SME Year-End Tax Review: Essential Steps for UK Businesses

The end of the financial year is a strategic point for SMEs to assess their tax exposure and ensure they’re operating as efficiently as possible. Proper year-end planning helps safeguard compliance, manage liabilities, and capitalise on reliefs provided under UK tax law.

Core Areas for Review

1. Capital Allowances

Evaluate capital expenditure to confirm you have fully utilised available reliefs such as the AIA and temporary full expensing (in place until 31 March 2026). Consider whether advancing planned asset purchases could enhance tax relief.
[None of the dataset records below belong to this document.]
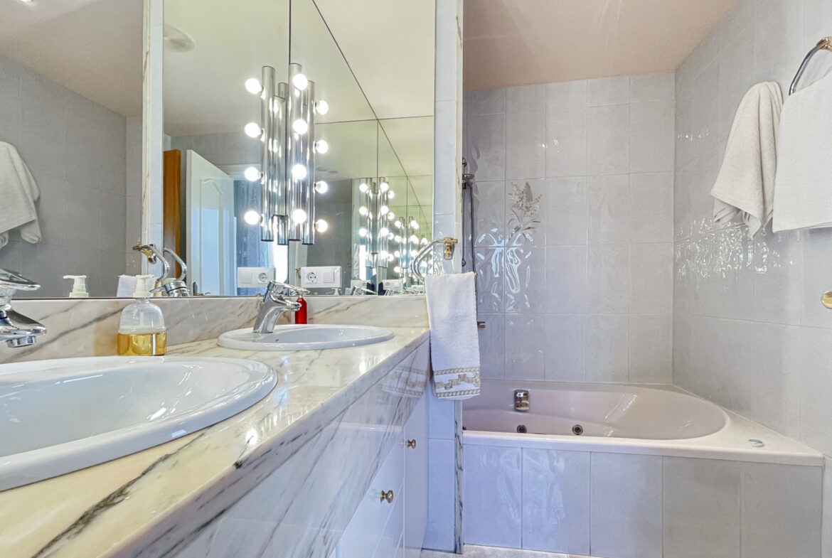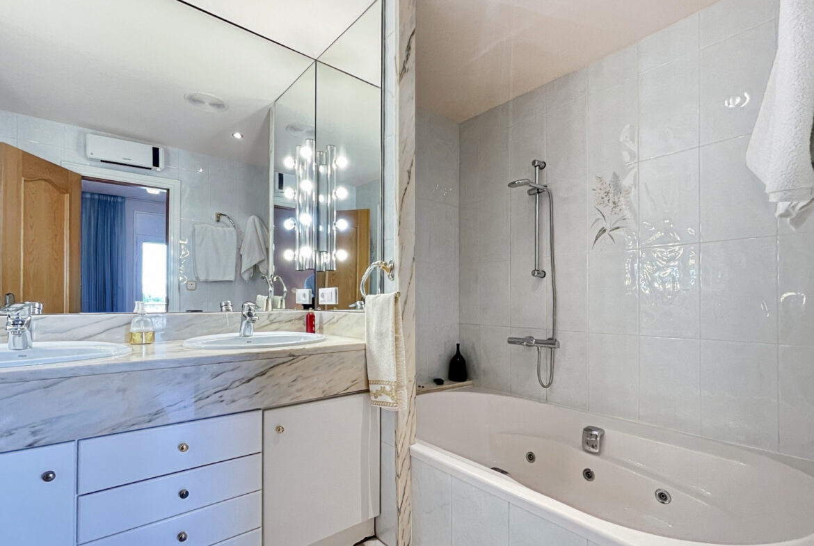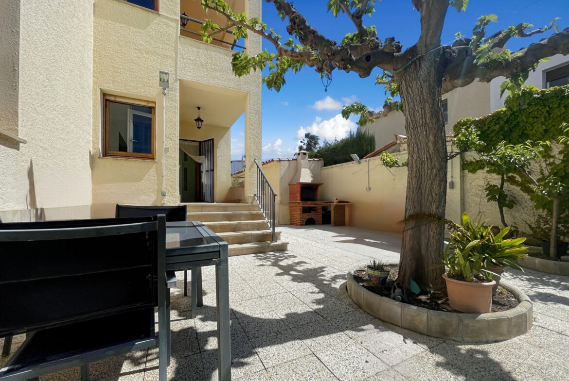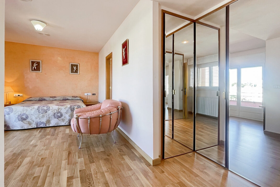 RV38 – Roses, Mas Mates, Villa; elegancia y el confort se fusionan en cada espacio de esta casa construida en 1991, esta residencia deslumbra con su diseño luminoso y su cuidada selección de materiales. La madera de roble, presente en toda la casa, brinda una sensación acogedora y un ambiente cálido. En la planta baja, te recibirá una suite de lujo con baño privado y armarios empotrados, mientras que la cocina-comedor, con su chimenea característica, ofrece un espacio moderno con un toque tradicional. El amplio salón, con techos altos y acceso al jardín, es perfecto para momentos de relajación y reuniones sociales. En la planta principal, la suite parental con balcón te invita a disfrutar de vistas panorámicas, acompañada de dos dormitorios adicionales y un funcional despacho. El sótano alberga una bodega ideal para eventos, mientras que los jardines, con su barbacoa al aire libre y áreas de descanso, ofrecen un refugio tranquilo y sereno. Equipada con calefacción central de gas ciudad, aire acondicionado y sistema de alarma, esta propiedad garantiza tu comodidad y seguridad en todo momento.~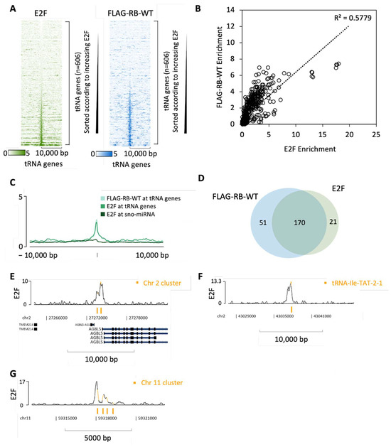 RB lacks a DNA-binding domain and is recruited to genomic sites through interaction with transcription factors that recognize specific DNA sequences, the best-documented of which is E2F. Although tRNA genes have not, to our knowledge, been reported as E2F targets, ChIP-seq revealed that ~190 are bound by E2F1 in RPE1 cells; furthermore, a heatmap with RB occupancy sorted according to the strength of E2F1 binding demonstrates strong correlation at tRNA loci (Figure 6A). Indeed, RB is recruited to most of the tRNA genes that are close to sites bound by E2F1, whereas minimal enrichment of either was detected at the majority of miRNA and snoRNA genes (Figure 6B–D). In some cases, both the tRNA gene(s) and the E2F1 site(s) are located within the promoter region of a protein-coding gene; for example, the binding of RB and E2F1 coincide with the tRNA-Tyr-GTA-2-1 and tRNA-Ala-AGC-8-1 genes upstream of the AGBL5 gene on chromosome 2 (Figure 6E). However, E2F1 and RB can also be found at tRNA genes located far from protein-coding genes, such as the isolated tRNA-Ile-TAT-2-1 gene on chromosome 2 (Figure 6F) and a cluster of four tRNA genes on chromosome 11 (Figure 6G). Mining of public ChIP-seq data using ChIP-Atlas (http://chip-atlas.org) [104,105] reveals an additional 12 cell lines in which E2F1 has been detected at the tRNA-Ile-TAT-2-1 gene (Supplementary Figure S3). The well-established ability of DNA-bound E2F1 to recruit RB to its target sites offers an explanation for the detection of RB at many tRNA genes.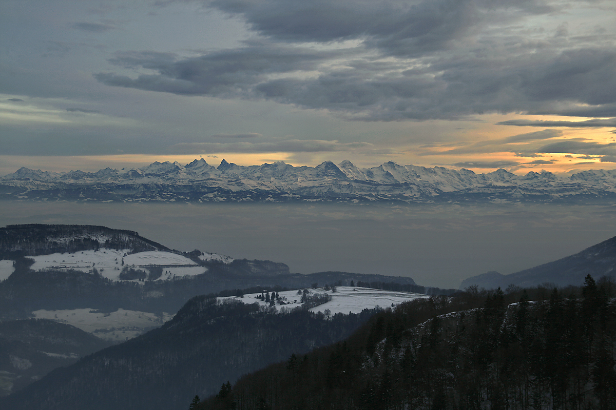 Markante Inversion im Mittelland in etwa 800m Höhe.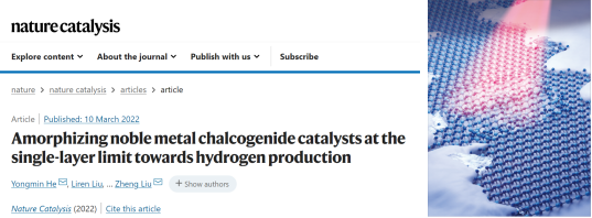 何勇民教授和新加坡南洋理工大学刘政教授、南京航空航天大学张助华教授团队合作,设计了单原子层贵金属催化剂,该研究成果以“”为题在线发表在《Nature Catalysis》,并入选三月杂志封面。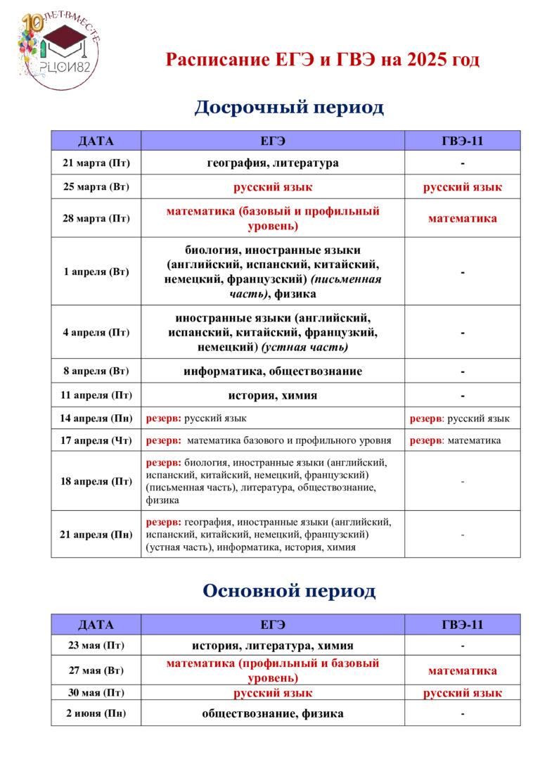 Для проведения ЕГЭ на территории Российской Федерации и за ее пределами предусматривается единое расписание экзаменов.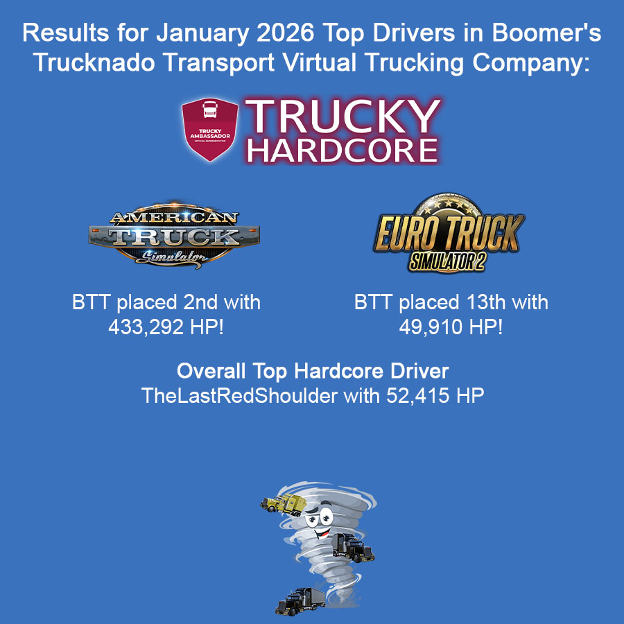 Boomer’s Trucknado Transport Virtual Trucking Company had a great month in January 2026, especially in American Truck Simulator!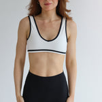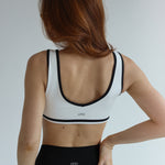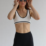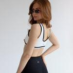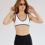 The Seamless V Neck Blake Crop brings vintage energy to your modern movement. This sleek, V-neck sports crop features bold black trim that contours the neckline and straps — adding just the right amount of edge to an otherwise minimalist silhouette.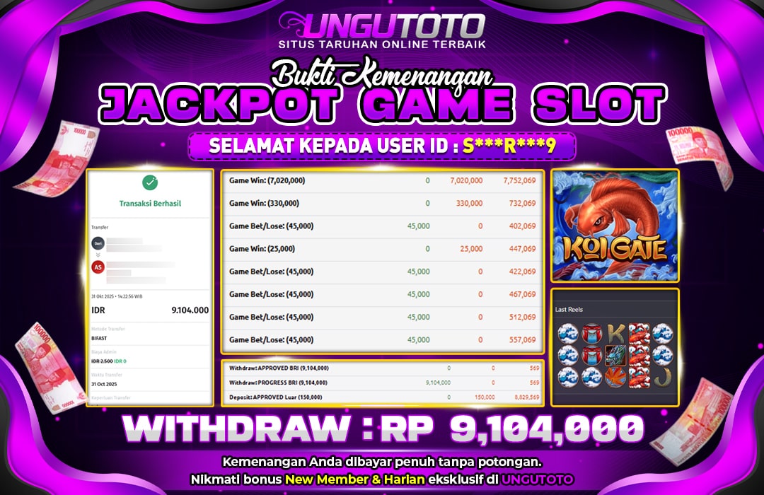 Selamat Kepada Member UNGUTOTO S*******9 Telah Jackpot Di KOI GATE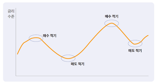 아래 이미지처럼 금리 수준이 높을 때는 만기가 긴 채권을 보다 많이 매수하고 금리 수준이 낮을 때는 만기가 짧은 채권을 매수하는 투자 운용을 지속한다면 매우 좋은 수익률을 얻을 수 있답니다.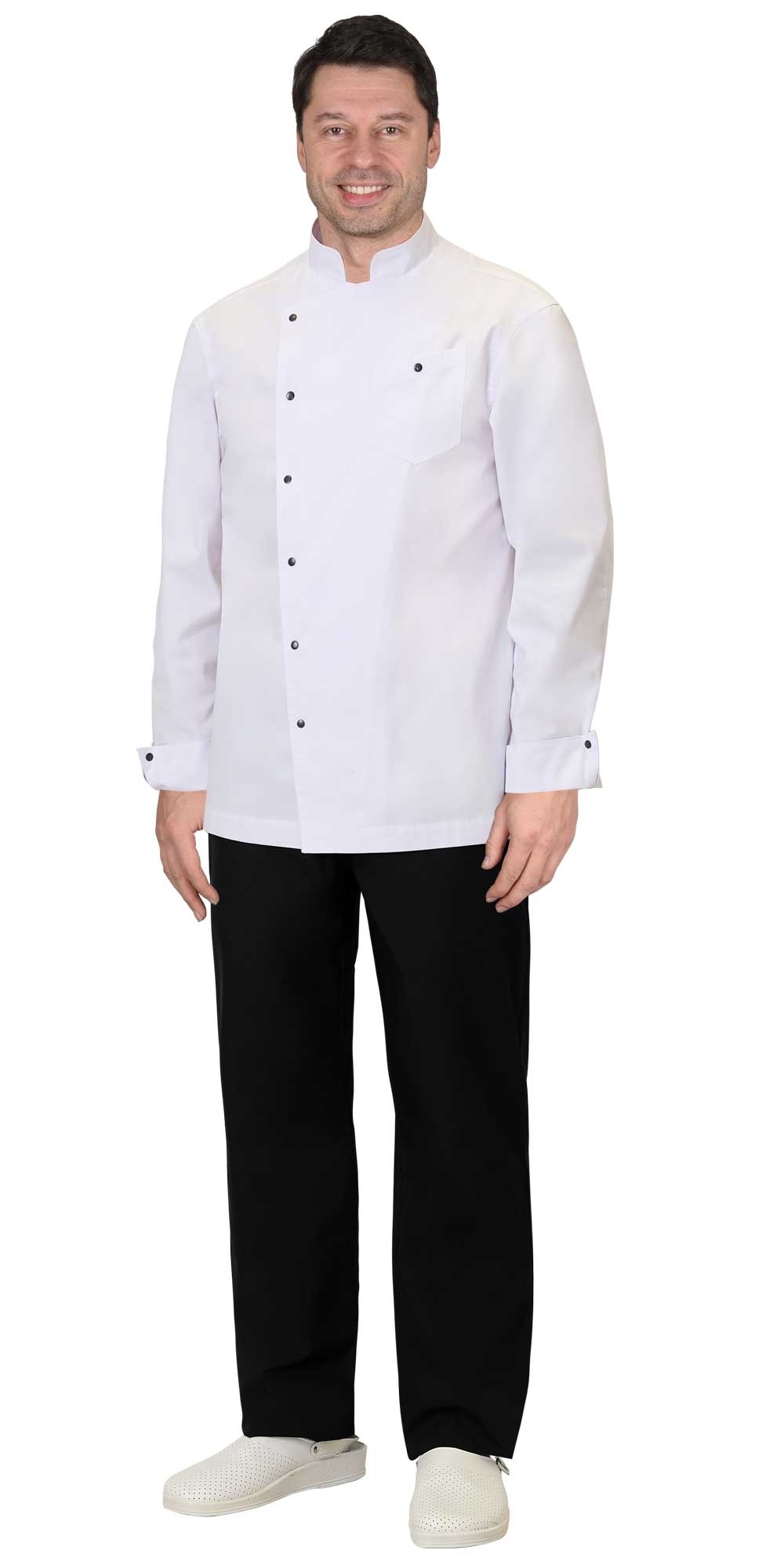 Куртка типа пиджак полуприлегающего силуэта с длинными рукавами. Втачной воротник стойка. Сквозная смещённая бортовая застёжка на кнопки. Спинка с отрезными бочками, со вставкой из трикотажной сетки (для циркуляции воздуха). По низу рукавов притачные отложные манжеты застегивающиеся на кнопку.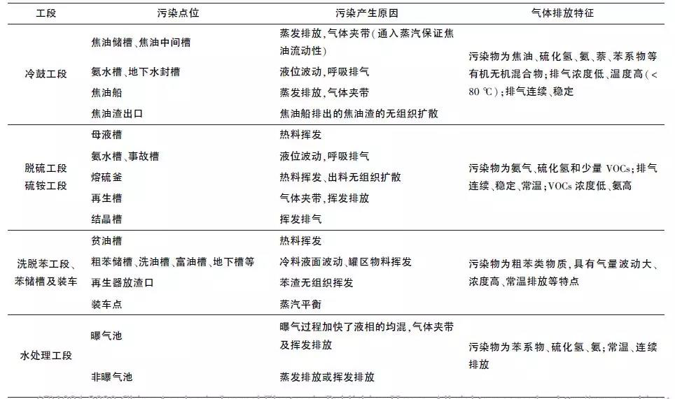 焦化 VOCs廢氣排放點(diǎn)位及產(chǎn)排特征見表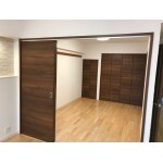 リノベーション工事済みで綺麗な和室でしたが、使い勝手が悪いとの事で洋室に変更します。 既存周辺の仕上げ材と同じ物を手配して違和感ない仕上がりにします! 和室ーリビング間の扉は、2枚片引き戸で高さもあまりありませんでした。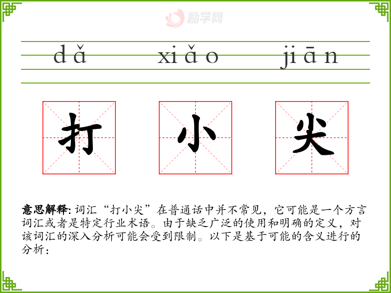词汇“打小尖”在普通话中并不常见,它可能是一个方言词汇或者是特定行业术语。由于缺乏广泛的使用和明确的定义,对该词汇的深入分析可能会受到限制。以下是基于可能的含义进行的分析: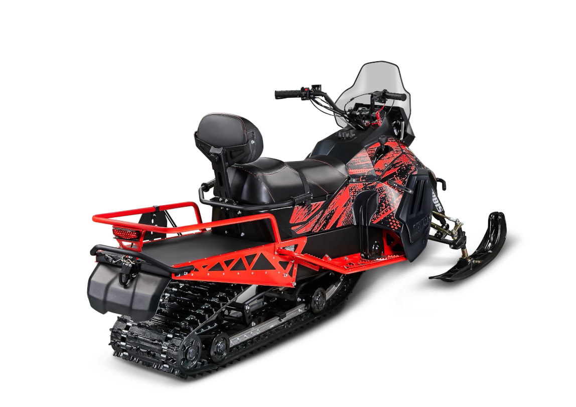 Снегоход SF200SL имеет современный дизайн и компоновку. Элементы конструкции спроектированы таким образом, что бы обеспечить комфортное передвижение по любому снежному покрытию. Подогрев ручек и курка газа, USB-розетка, панель приборов со всей необходимой информацией, электрозапуск двигателя и ручной запуск. Широкие и длинные подножки, закапотированный двигатель, двухместное сиденье, спинка для пассажира, позволяют удобно расположиться водителю и пассажиру на снегоходе. Проверенный годами эксплуатации, двигатель 180 куб.см, через клиноременный вариатор разгоняет снегоход свыше 50 км в час. Независимая передняя подвеска позволяет легко маневрировать и держать уверенно курс. В наличие задний ход.На снегоходе установленная удлиненная гусеница 3434 мм, специально созданная российским заводом «Композит». Гусеничный блок с обрезиненными катками и алюминиевыми закаленными склизами. Задняя подвеска с регулируемым ходом и жесткостью. Рама и тоннель гусеничного блока изготовлен из стали 1.5 мм с усиливающими накладками в местах наибольших нагрузок

If disposing of plant or machinery, assess whether delaying the sale until after year-end would better preserve your allowances.

2. Chargeable Gains Strategy

Assess any planned disposals of chargeable assets. A deferral may decrease tax exposure. Reliefs including holdover relief, rollover relief, and the Substantial Shareholdings Exemption can help defer or eliminate gains. Groups may also use elections to reallocate gains and losses for optimal tax efficiency.

3. Deductible Expenses

Review business and property-related expenses to ensure all qualifying costs are claimed. Landlords should check council tax, agent fees, and replacement of domestic items. Note that property purchase or sale legal fees are not deductible against rental income, though they may reduce future chargeable gains.

4. Cash Basis Considerations

For unincorporated businesses using cash basis, confirm that capital expenses meet the criteria for small traders. Residential landlords should ensure correct application of domestic item replacement relief.

Practical Planning Measures

Conduct a full records review to ensure transactions are correctly classified, and plan the timing of high-value purchases or disposals. Professional advice is strongly recommended to ensure full compliance and to identify tax-saving opportunities.

Conclusion

Year-end tax checks are a vital component of financial management for SMEs. By reviewing capital allowances, chargeable gains, and deductible expenses, businesses can minimise tax liabilities and position themselves more strongly for the upcoming financial period.